Maier begins his immensely ambitious treatise with a story from June 25, 1876, when the United States Army deployed “seven hundred cavalry against an alliance of Lakota, Arapaho, and Cheyenne communities.” Were the American soldiers, Maier asks, “really confident that these hills and river valleys were their country’s own? What might such an assertion signify?” For their part, the “Native Americans have their own economic relationship to these lands,” he writes, adding that “perhaps neither side really comprehends why the other must claim such a vast landscape.” The Native Americans won that battle, which we now know as Custer’s Last Stand. But “in the long run,” notes Maier, “the victors of that day [became] losers.” The state won out in the end.

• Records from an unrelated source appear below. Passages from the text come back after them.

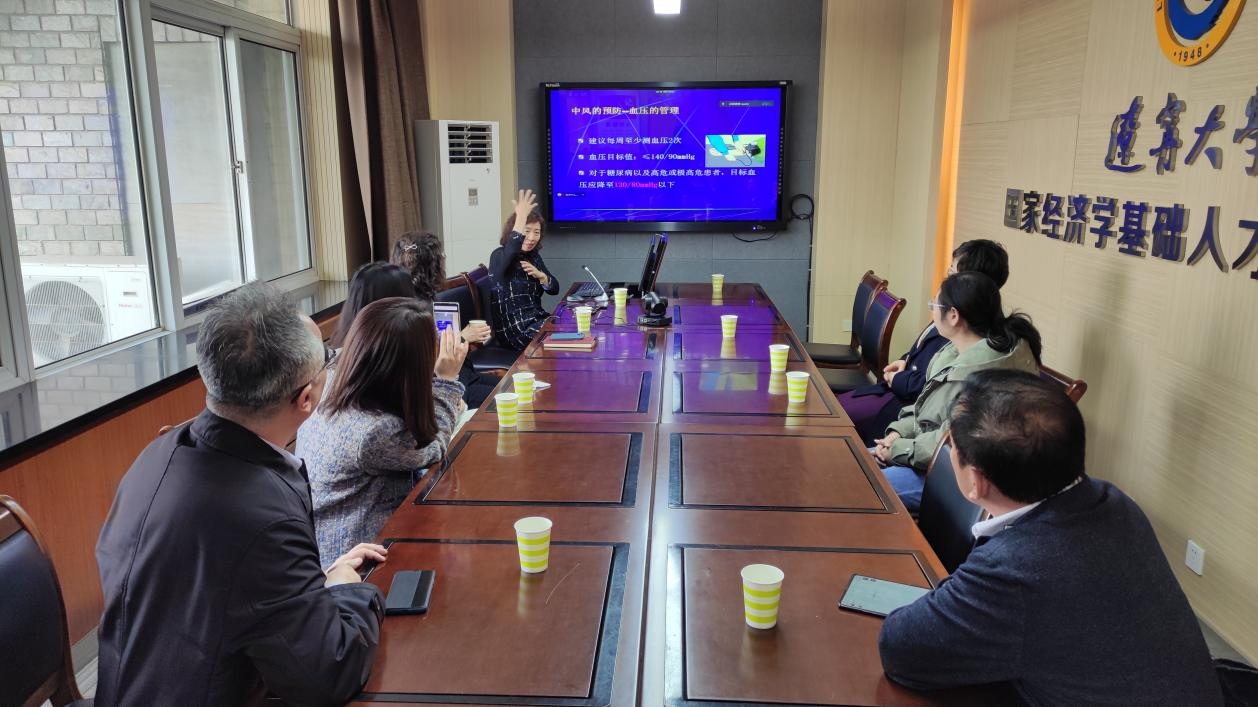 本次活动,采取线下与线上同步进行的方式,主讲嘉宾是国内知名脑科专家、辽宁省中医药研究院(辽宁中医药大学附属第二医院)脑血管科焦富英教授。焦教授从医40余载,有丰富的医学理论知识与临床实践经验。围绕“高校教师身心健康与医疗保健”这一主题,焦教授精心选取了中风、眩晕、焦虑与抑郁等高校教师关心的疾病进行深入讲解,并与参会教师进行了热烈地讨论,进而针对大家提到的问题给出有针对性的建议。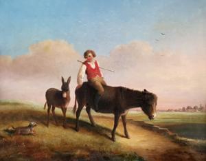 Paysan avec ânes, huile sur toile, 36x46 cm
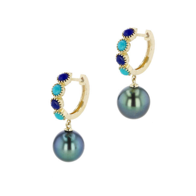 Hinerava’s Poésie Collection presents an exquisite pair of huggie earrings made with alternating turquoise gems, 0.45 ct and lapis lazuli gems, 0.45 ct, mounted in 14K yellow gold, symbolically representing the hues of our Polynesian ocean and lagoons. The design is finished with two exceptionnal and perfectly matched 8mm Tahitian pearls. This quintessential Hinerava design is a discreet expression of romanticism and pure elegance. Length: 2.5 cm.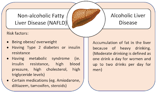 The two types of fatty liver are Non-alcoholic Fatty Liver Disease (NAFLD) and Alcoholic Liver Disease.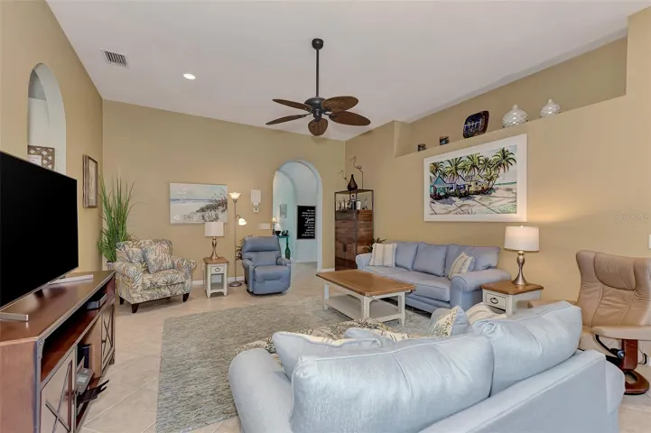 Indulge in a lifestyle where the beauty of nature meets the simplicity of living in the delightful community of Riverwood. Exquisite and lovely describes this beautiful Ibis Model home with its serene setting of preserve from both the front and back of the home . This well-appointed 2 bedroom, Den, 2 bath and 2 car garage home offers a completely remodeled kitchen and master bath ensuite. New ceiling fans in both the master and guest bedrooms. The large eat in kitchen has plenty of storage space with wood cabinets, granite countertops, stainless steel appliances, a walk in pantry and under cabinet lighting. The primary suite, with access to the lanai, has 2 walk in closets and an updated modern master bath which displays wood cabinets, granite countetops, walk in tiled shower, dual sinks and tile plank flooring. Enjoy your morning coffee and afternoon beverages on the extended lanai with a luxurious hot tub and privacy wall. New lanai screens in April 2024. FURNITURE currently in home INCLUDED. ADDED BONUS: NEW Heating & Cooling 2024 and entry light fixture. This is Floirda living at its best! Don’t let this extraordinary opportunity slip away. Enjoy all of Riverwood: GOLF CLUB NAMED *TOP 50 US COURSES* *GOLF ADVISOR* *2018*, ACTIVITY CENTER CAMPUS INCLUDES LAP & RESORT STYLE POOL, FITNESS CENTER, PICKLE-BALL COURTS, SMALL AND LARGE DOG PARKS, TENNIS COURTS, LAWN CROQUET, BOCCE COURTS, CRAFT ROOM, LIBRARY AND SOCIAL ACTIVITIES! Additional fees apply for Riverwood Golf Club & Private Beach Club on Manasota Key. Riverwood is Close to Tampa Bay Rays Spring Training Facility, Atlanta Braves Spring Training Facility, Gulf Beaches, Carlotte Harbor, Myakka River, Punta Gorda, Englewood and Boca Grande. Riverwood, a Perfect Blend of Florida’s Nature and Resort Lifestyle.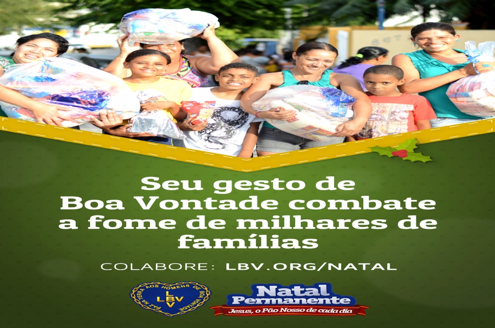 Com o objetivo de oferecer um Natal mais digno e feliz a milhares de famílias em situação de vulnerabilidade social, a Legião da Boa Vontade promove a edição 2015 da Campanha Natal Permanente da LBV — Jesus, o Pão Nosso de cada dia!. A iniciativa visa arrecadar mais de 900 toneladas de alimentos não perecíveis a serem entregues, em cestas, no período de 7 a 23 de dezembro, a 50 mil famílias atendidas pelos programas socioeducacionais da LBV e as apoiadas por organizações parceiras da Instituição em todo o Brasil.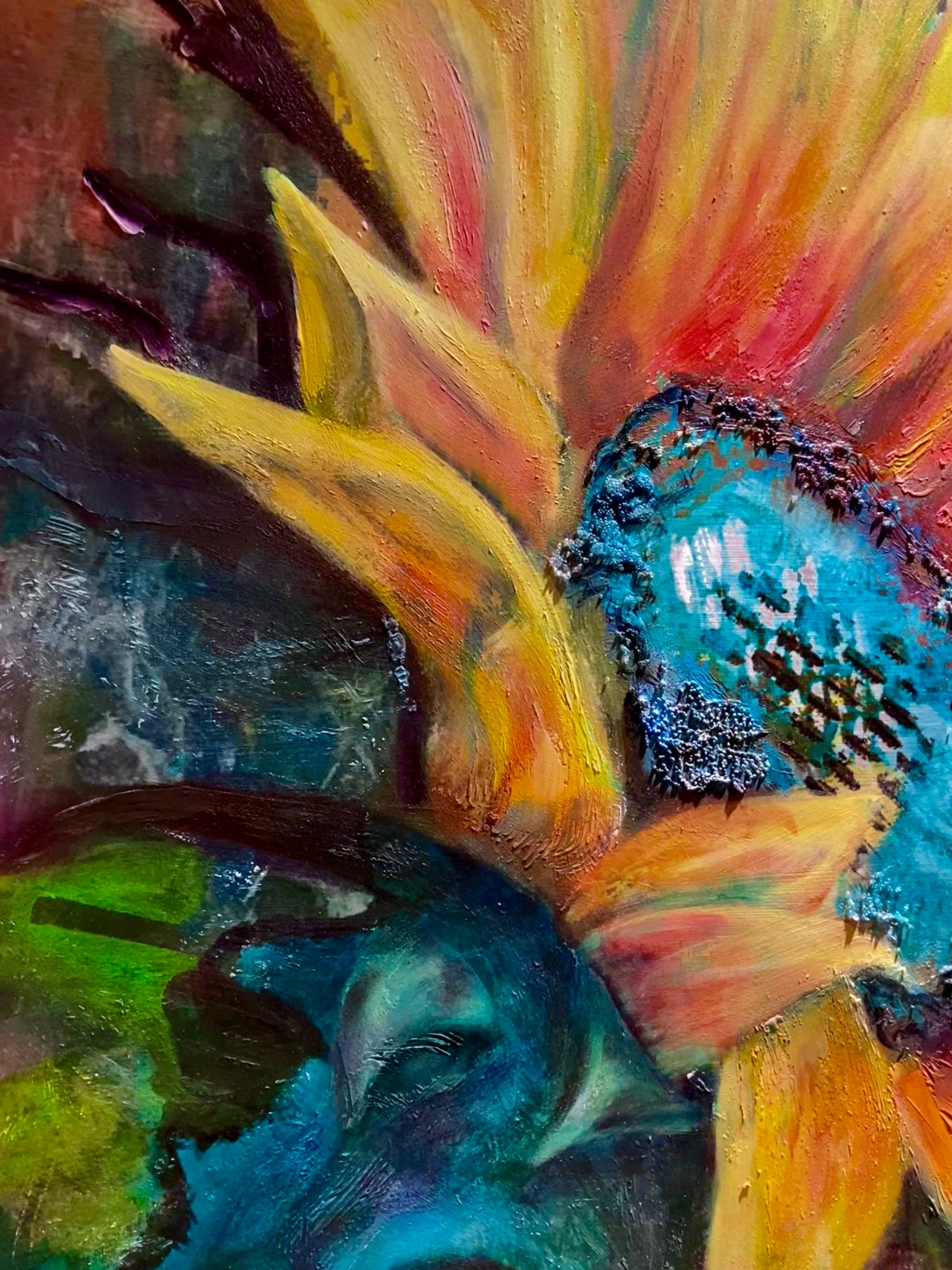 Painted and drawn digitally, printed on brushed aluminium, gessoed and painted with oils and waxes as the final layers of strength, courage and hope.

Unlike Hobbes’s 1651 Leviathan, Maier’s book is primarily a work of history, not philosophy. And like another big book released in the past year — Thomas Piketty’s Capital in the Twenty-First Century — Leviathan 2.0 draws on a wealth of examples spanning multiple continents. Indeed, despite the opening case he’s chosen, Maier does not single out the United States as unique insofar as its development as a nation-state coincided with the subjugation of tribes. Similar events played out, he writes, in the Ottoman Empire, the Caucasus highlands of Central Asia, and the African savannas.
Of course, it wasn’t only the subjugation of nomads that gave rise to the modern state. Broader “wars of national reconstruction” — think the Franco-Prussian War or our own Civil War — played a part by establishing the borders that we still see on the map today. “Technological transformation was a critical input” as well, Maier maintains, describing the importance of developments such as railroads. “The railroad influenced political organization “… by reinforcing the credibility of the nation-state as a cohesive arena of collective decision-making,” he writes.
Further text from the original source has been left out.